**Exercise:** Lower down are entries containing pictures. Copy exactly, without those pictures, the lines from the line with "2025-03-13 11:52:19马" through the line with "Black Mesh Butterfly".

**Data for review:**
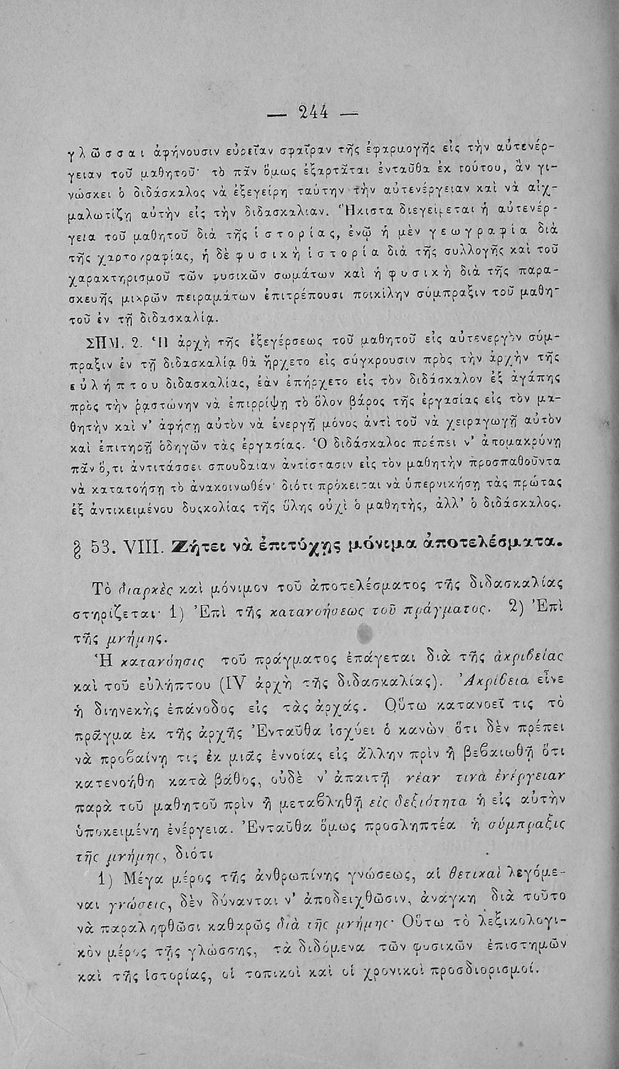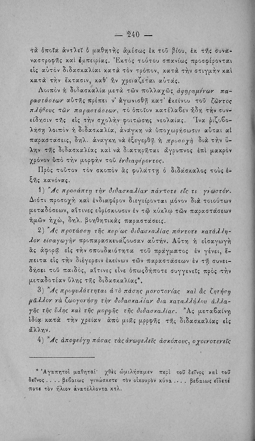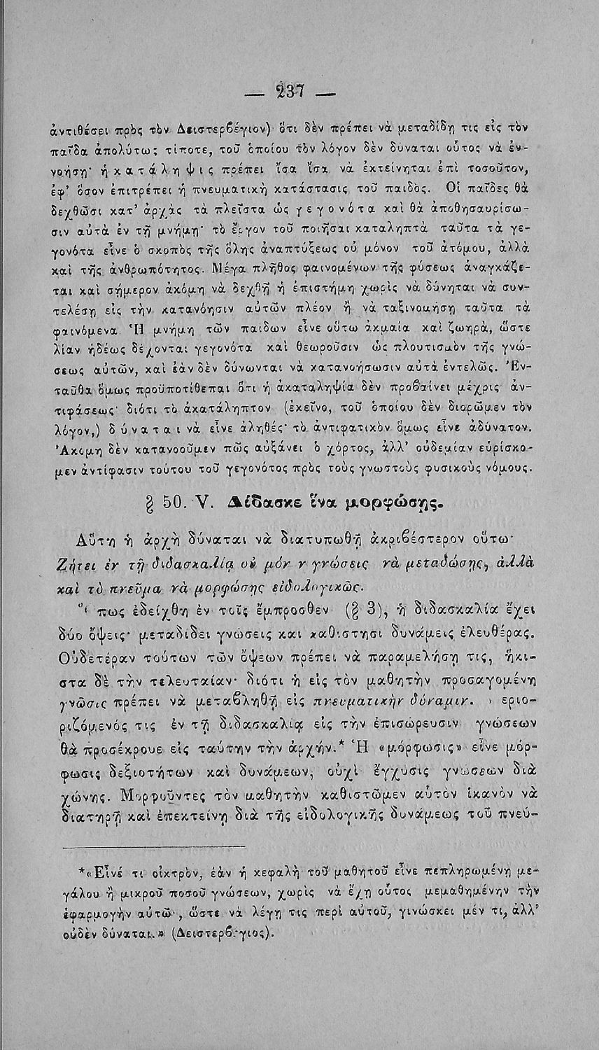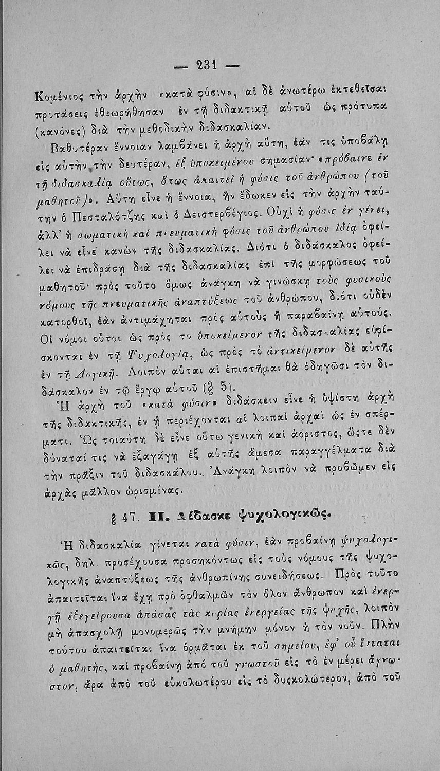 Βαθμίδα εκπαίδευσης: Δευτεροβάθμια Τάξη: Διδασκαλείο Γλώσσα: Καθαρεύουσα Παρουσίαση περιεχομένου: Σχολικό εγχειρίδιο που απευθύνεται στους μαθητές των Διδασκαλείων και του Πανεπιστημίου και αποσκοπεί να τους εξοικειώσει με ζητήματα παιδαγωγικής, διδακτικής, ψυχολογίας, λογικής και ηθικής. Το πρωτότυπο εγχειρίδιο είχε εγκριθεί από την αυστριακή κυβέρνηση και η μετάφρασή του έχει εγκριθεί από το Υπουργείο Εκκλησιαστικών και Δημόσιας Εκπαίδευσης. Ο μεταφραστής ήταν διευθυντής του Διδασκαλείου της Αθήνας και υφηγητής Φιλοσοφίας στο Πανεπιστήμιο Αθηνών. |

---

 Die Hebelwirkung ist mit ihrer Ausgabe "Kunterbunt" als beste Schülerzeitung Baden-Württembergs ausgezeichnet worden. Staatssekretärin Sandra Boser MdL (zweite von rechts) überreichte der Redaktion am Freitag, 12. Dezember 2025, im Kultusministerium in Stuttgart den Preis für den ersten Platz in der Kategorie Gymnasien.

==

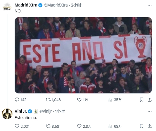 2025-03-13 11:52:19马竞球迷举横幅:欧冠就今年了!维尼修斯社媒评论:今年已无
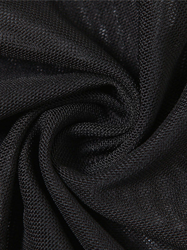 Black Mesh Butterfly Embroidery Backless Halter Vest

**Finished task:**
 2025-03-13 11:52:19马竞球迷举横幅:欧冠就今年了!维尼修斯社媒评论:今年已无
 Black Mesh Butterfly Embroidery Backless Halter Vest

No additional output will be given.